Researchers at the University of California, Davis (UC-Davis) used the current share prices of oil
companies and alternative energy companies to predict when replacement fuels will be ready to fill the gap left when oil runs dry.
And the study's findings weren't very good for the oil-hungry world.
If the world's oil reserves were the 1.332 trillion barrels estimated in 2008 and oil consumption stood at 85.22 million barrels a day and growing yearly at 1.3 per cent, oil would be depleted by 2041, says the study published online last week by Environmental Science and Technology.
But by plugging current stock market prices into a complex equation, UC-Davis engineering professor Debbie Niemeier and postdoctoral researcher Nataliya Malyshkina calculated that a viable alternative fuel to oil will not be available before the middle of next century.
The researchers analysed the share prices of 25 oil companies quoted on US, European and Australian stock exchanges, and of 44 alternative energy companies that produce fuels such as ethanol or bio-diesel, or are developing fuel cells, batteries and propulsion systems aimed at replacing gasoline and diesel in vehicles of the future.
What they found is that the market capitalisation, or total value of all stock shares, of traditional oil companies far outstripped that of the alternative energy companies.
That indicated to them that investors believe oil is going to do well in the near future and occupy a larger share of the energy market than alternative energy, said Malyshkina.
"To assess the time until a considerable fraction of oil is likely to be replaced by alternatives, we used advanced pricing equations to make sense of the large discrepancy between the market capitalization of traditional oil companies and the market capitalization of alternative-energy companies," she told AFP.
Their calculations show that there would not be a widely available replacement for oil-based fuels before 2140, which, even if the more optimistic date of 2054 for oil depletion is retained, would mean there could be a gap of around 90 years when it might be difficult to run a motor vehicle.
Nearly two-thirds of crude oil is used to produce gasoline and diesel to run vehicles, said Malyshkina.
The researchers' calculations were based on the theory that long-term investors are good predictors of when new technologies will become commonplace.

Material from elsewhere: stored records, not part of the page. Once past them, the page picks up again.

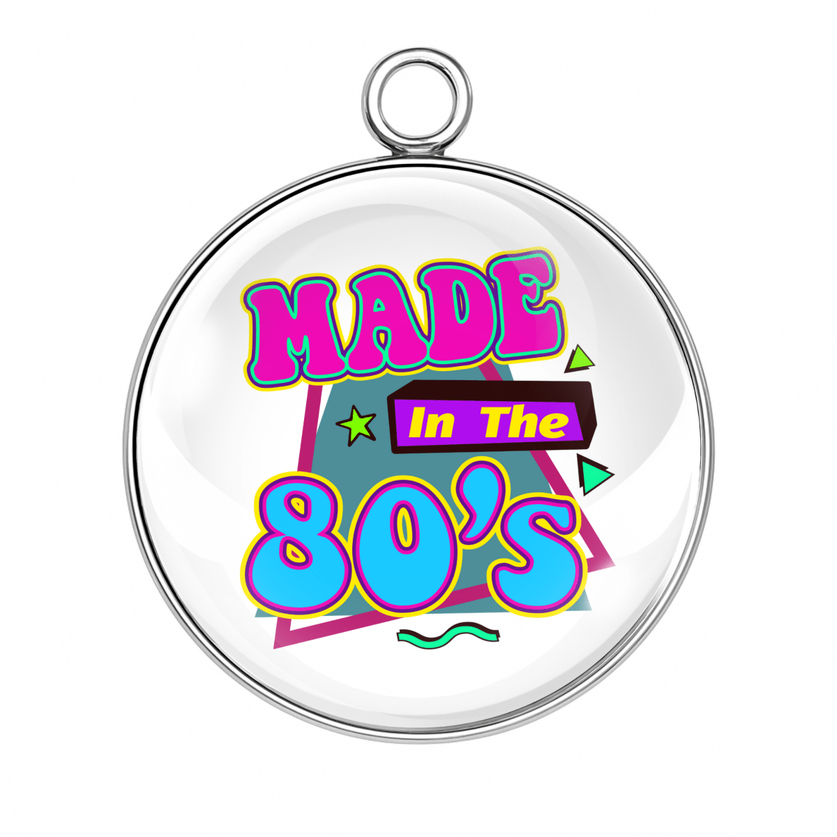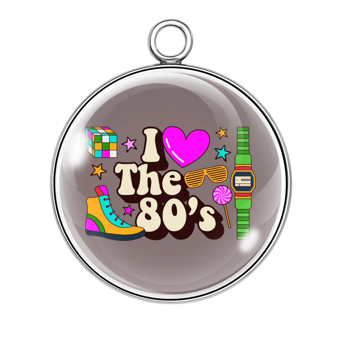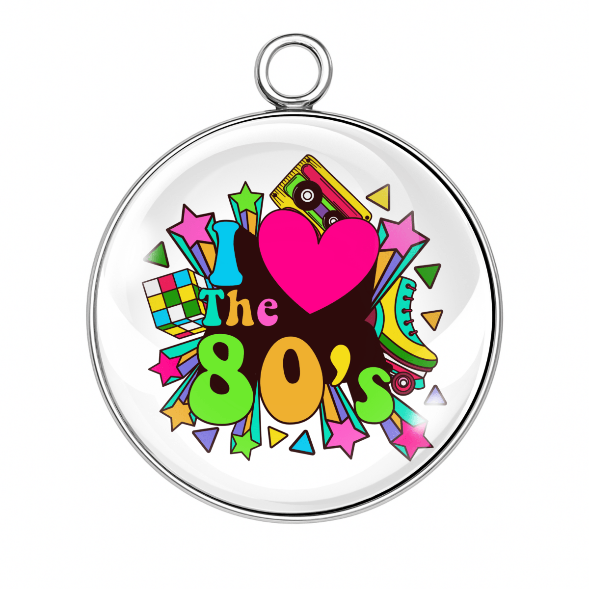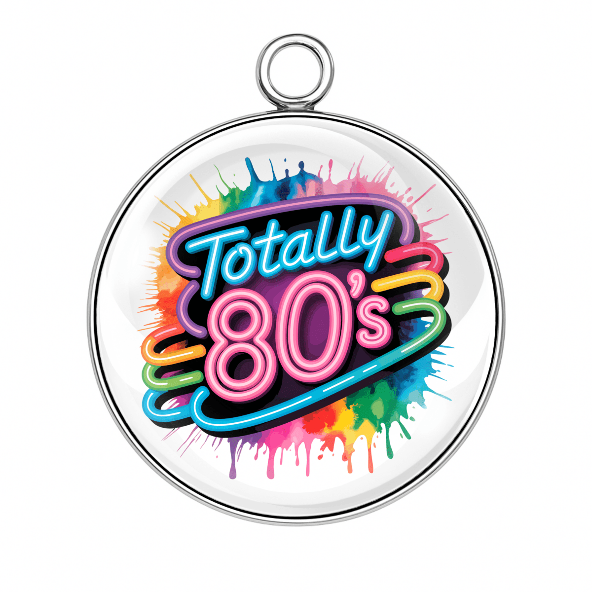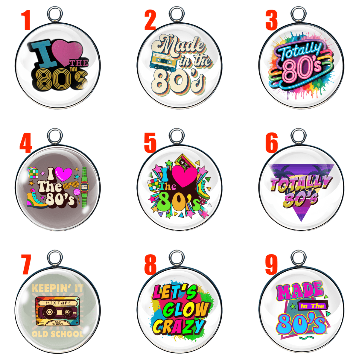 ✨ Celebrate the totally rad 1980s with these vibrant retro-themed glass charms! Each charm features bold, colorful '80s designs sealed under a crystal-clear glass cabochon and set in a never-fade stainless steel base—available in your choice of silver or gold finish.
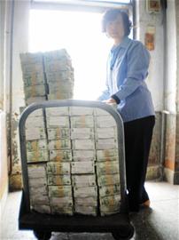 整理完后,她們要把紙幣打包,1000元一摞,放在車上推走,兩三摞堆起來,大約有一米多高。
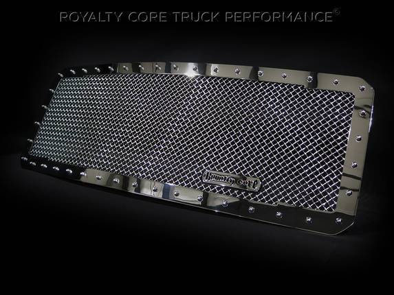 Royalty Core's proprietary corrosion resistant stainless technology creates the most durable grille on the planet. Absolutely every piece is 100% T304 stainless steel. It's engineered to exploit the cleanest installation possible for your specific truck model. This Royalty Core grille is customized to best match your truck with military grade strength you can count on such as a 12 gauge stainless steel construction, optimal mounting brackets, CNC precision machined brackets, frame, and logos, hand fabricated, all gloss surfaces are buffed to a deep smooth mirrored finish,triple chrome plated T304 stainless studs around frame with star flange design, stainless super woven mesh, and absolutely no plastic. Royalty Core offers the industry's largest customized line of grilles and logos available.
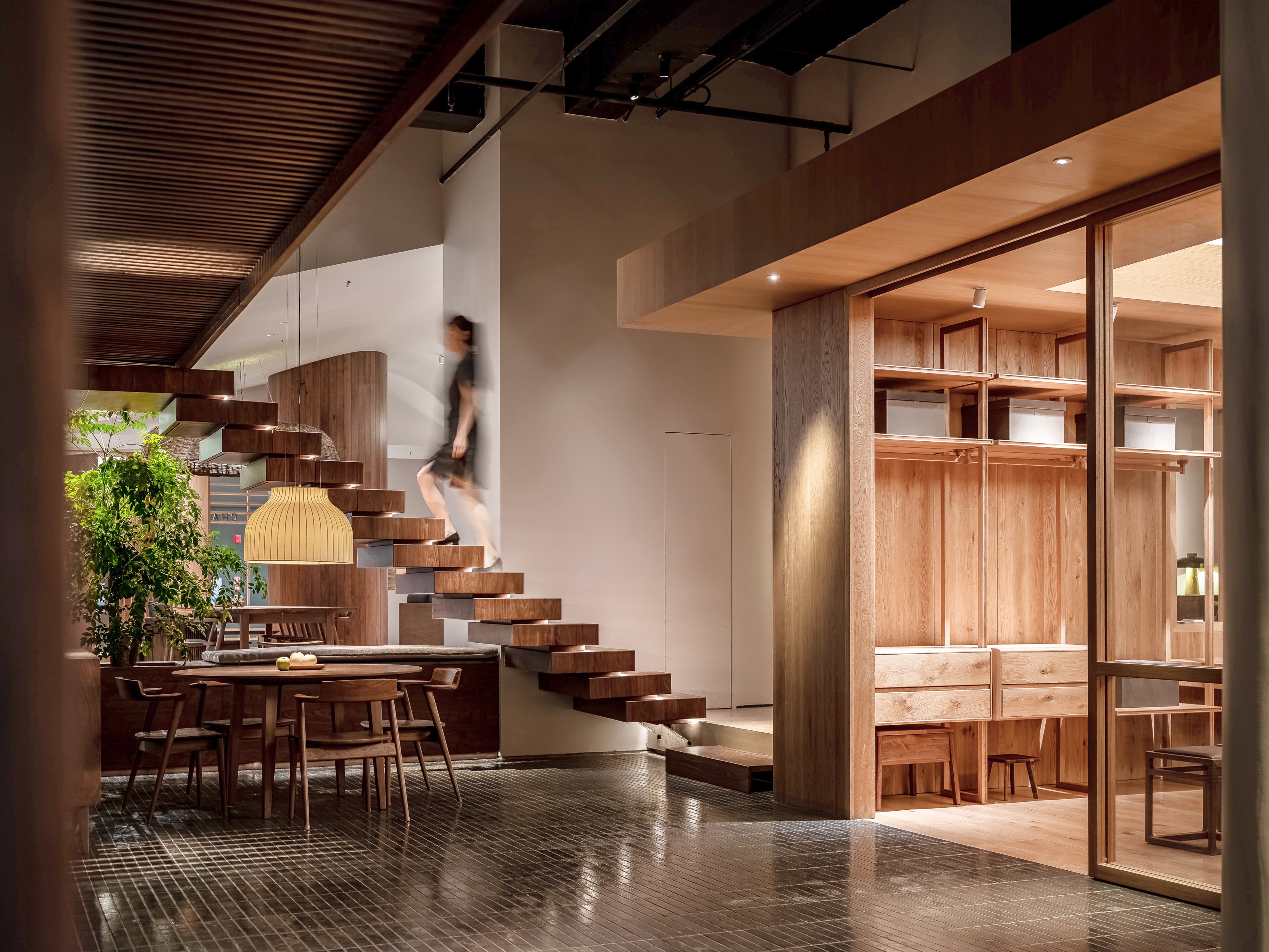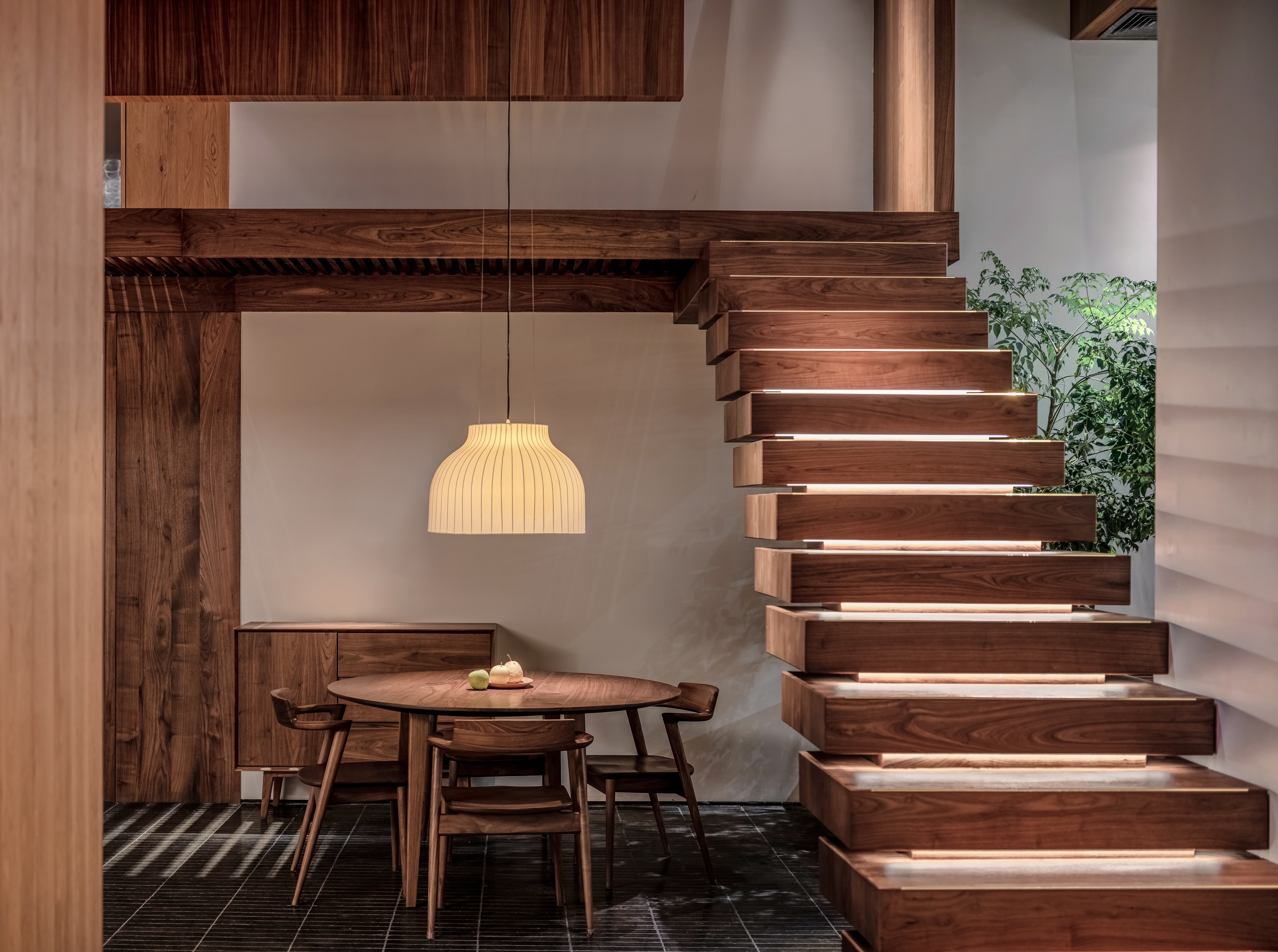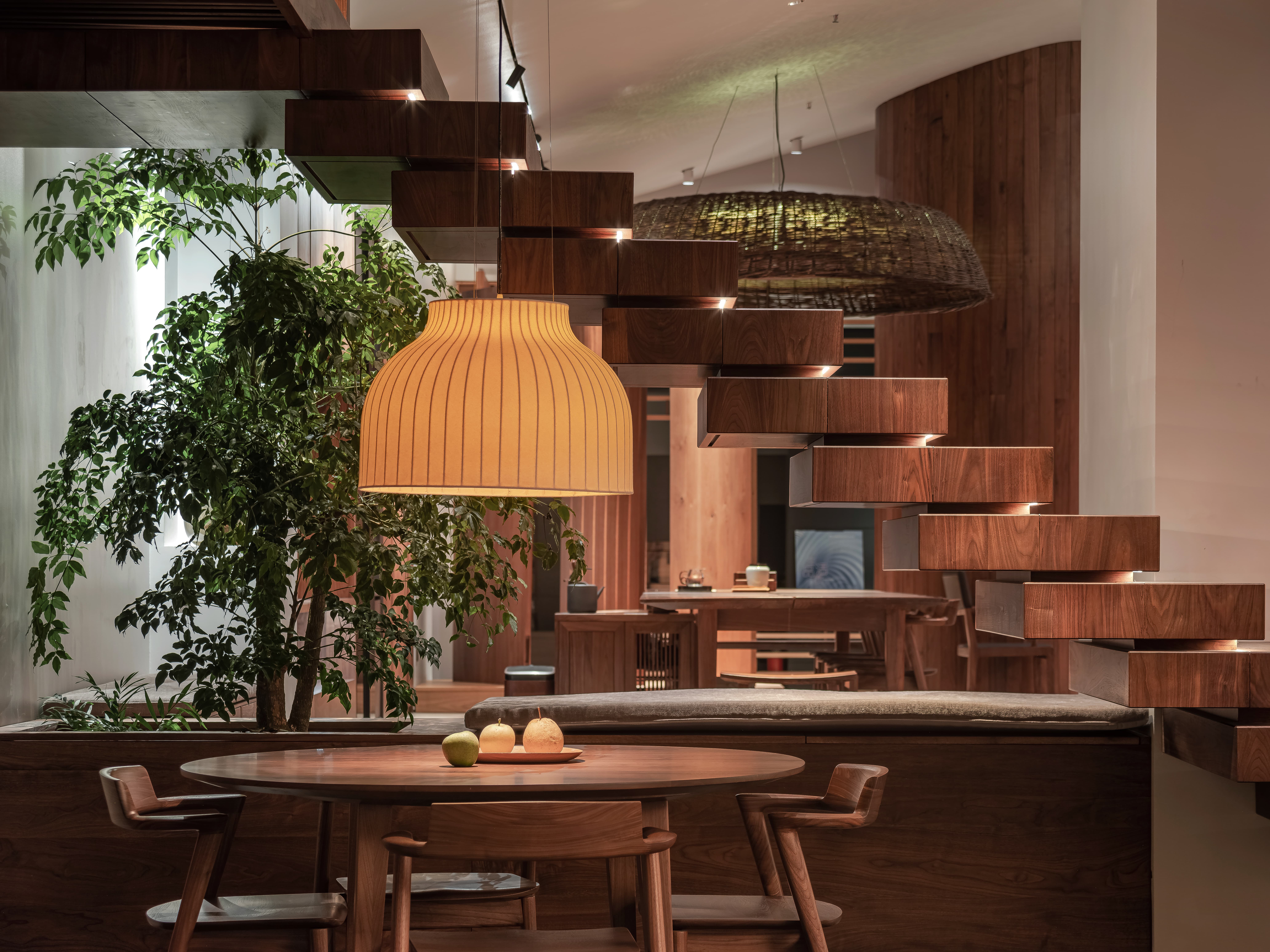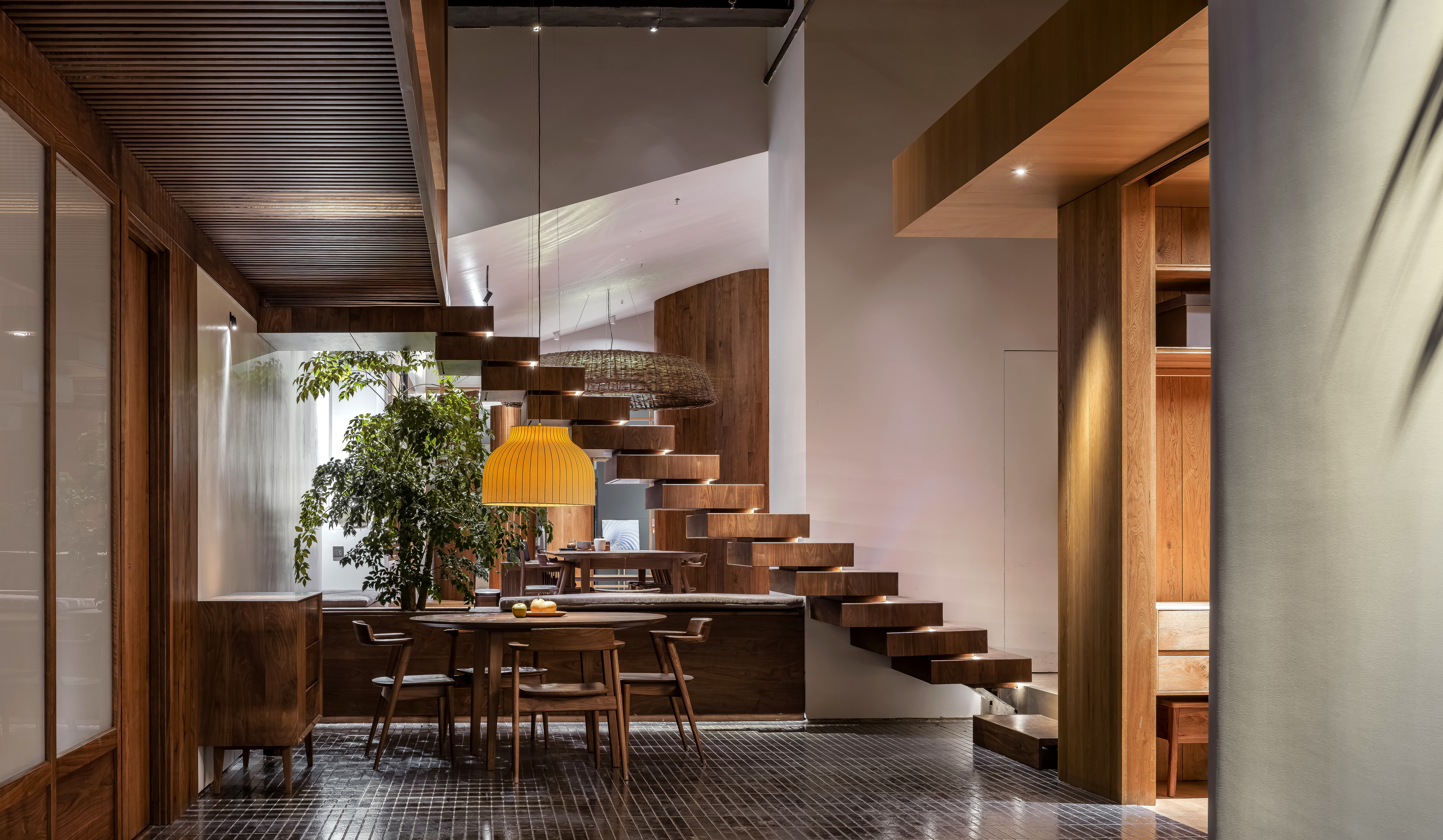 空间意境:线透过头顶的格栅洒落在街道上,营造出温暖的氛围。在远处的圆形餐桌上,一盏吊灯静静地照亮桌面,仿佛家人归家时为你留的那盏灯。

"Sophisticated investors tend to put considerable effort into collecting, processing and understanding information relevant to the future cash flows paid by securities," said Malyshkina.
"As a result, market forecasts of future events, representing consensus predictions of a large number of investors, tend to be relatively accurate."
Similar calculations have been used to accurately predict the outcome of elections and the results of sports events, Malyshkina said.
But all is not doom and gloom, says the study.
On the oil supply side, consumption could well decrease in future as more energy-saving measures are introduced and used by consumers, and new oil reserves could become available as extraction techniques improve.
On the alternative fuel side of the equation, the study did not look at nonprofits, government agencies and universities which are developing new fuels, because they are not quoted on the stock market.
And if governments announced new policy initiatives to promote alternative fuel development, share prices of alternative energy companies would rise, and the gap between the end of oil and the kick-in of alternative fuels would shrink.